How to Request Webpages Using Python

Learn how to request webpages and get JSON data using Python's requests library. A step-by-step guide with practical examples for making HTTP GET and POST requests in Python.

Introduction to HTTP and Python’s Requests Library

HTTP (HyperText Transfer Protocol) is the backbone of communication on the web, enabling clients and servers to exchange data. Whether a weather app delivers the latest forecast or a social media platform loads the feed, HTTP operates behind the scenes to enable these interactions. HTTP requests allow developers to retrieve resources, send data, and interact with web APIs.

Whether you need to request webpages for web scraping, fetch webpage content for data analysis, or retrieve JSON data from APIs, Python’s requests library makes these tasks straightforward.

In Python, the requests library provides an efficient way to send HTTP requests, enabling developers to interact with web servers with minimal effort.

In this article, we will learn how to use the requests library to make common types of HTTP requests, including GET and POST, and how to handle the responses from the server.

Let’s start by exploring how to set up the requests library, make our first HTTP request, and start communicating with the web.

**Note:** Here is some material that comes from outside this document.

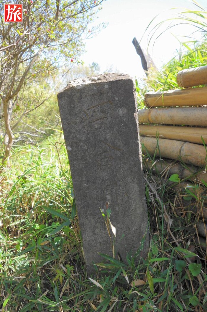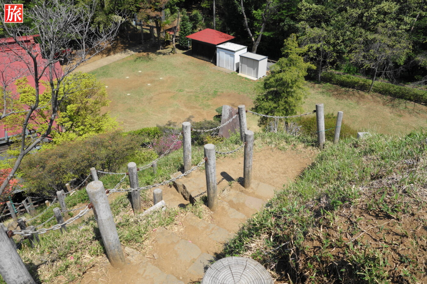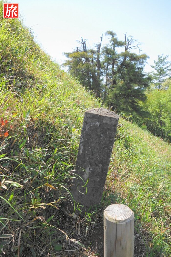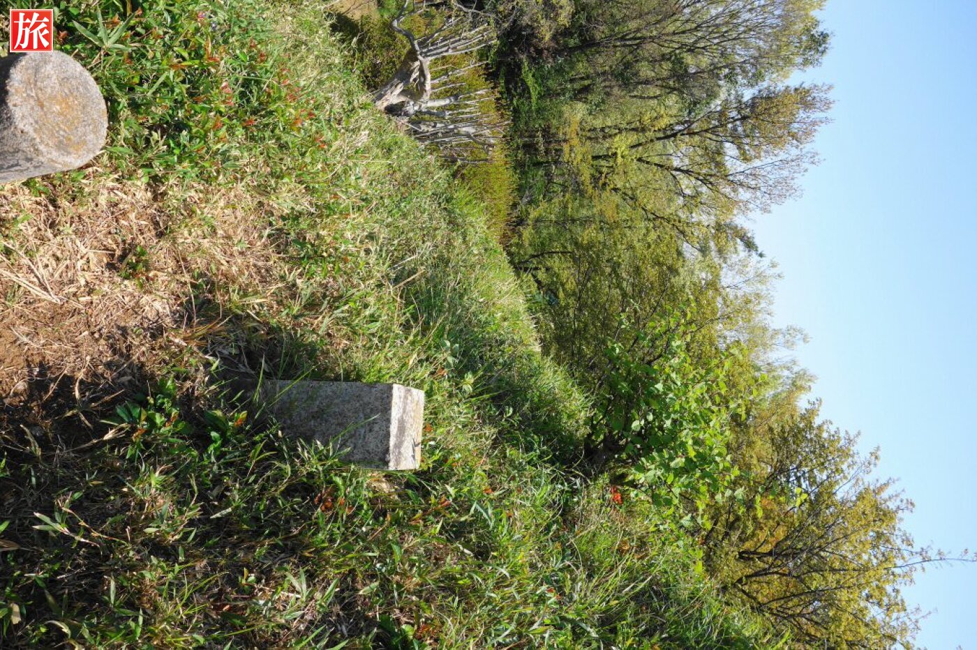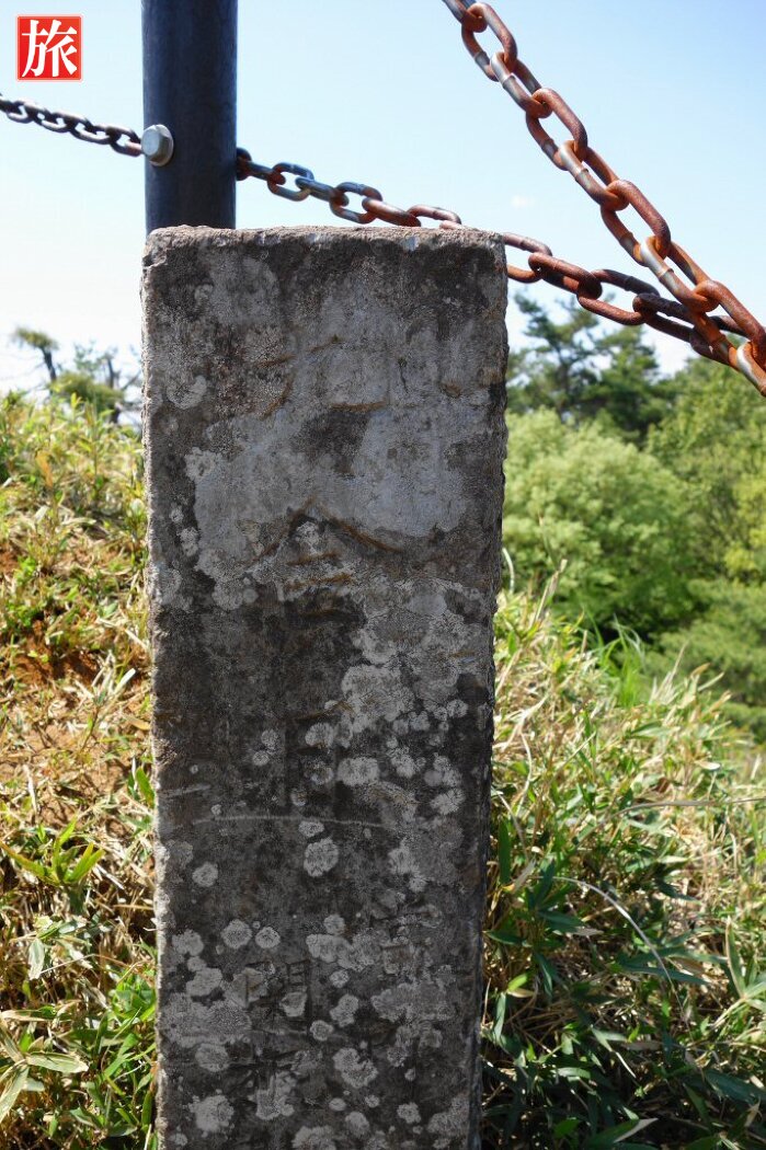 9合目から登ってきた坂を見た様子。山頂まで、転落防止の鎖がトラロープになっています。山頂(標高119.4m)へ到着・山頂の祠。
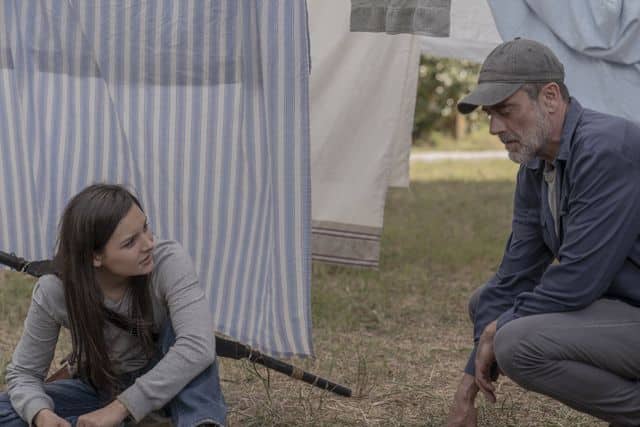 Elsewhere in the episode, Aaron (Ross Marquand) led a group south the reduce the approaching walkers. Gabriel (Seth Gilliam) sent Negan (Jeffrey Dean Morgan) along with them to help, despite the protests from Aaron. Negan is still a capable fighter and despite arguing with Aaron, he looked after him when he became temporarily blinded by hogweed.

Setting Up the Environment

The requests library is not included in Python’s standard library but can be added using Python’s package manager pip.

The requests library is compatible with Python versions 3.8 and above, making it suitable for most modern Python environments. This versatile library handles everything from basic webpage requests to retrieving complex JSON data structures from modern web services.

To install the library, use the following command in a terminal:

pip install requests

Once installed, you can quickly verify this by running the following command in the terminal:

pip show requests

If the requests library is installed correctly, the above command will display information about the package, including its version, location, and dependencies like this:

Name: requests
Version: 2.32.2
Summary: Python HTTP for Humans.
Home-page: https://requests.readthedocs.io
Author: Kenneth Reitz
Author-email: [email protected]
License: Apache-2.0
Location: /opt/homebrew/lib/python3.10/site-packages
Requires: certifi, charset-normalizer, idna, urllib3
Required-by: CacheControl, poetry, requests-toolbelt

Note: The output above reflects the current state of the requests library at the time of writing. It might vary depending on the installed version, environment, or future updates to the library.

If the above command gives an error or fails, there might be some minor issues during installation. Here are some common problems and how to resolve them:

  • pip command not recognized: This error indicates that pip is either not installed or added to the system’s PATH. To fix this, you must ensure that pip is installed correctly. On some systems, we may need to use python -m pip install requests instead of just pip to install the package.

  • Permission denied error: This happens when there are insufficient permissions to install packages globally. To resolve this, use the --user flag with the pip command, like this: pip install requests --user, which installs the package in the user’s local directory.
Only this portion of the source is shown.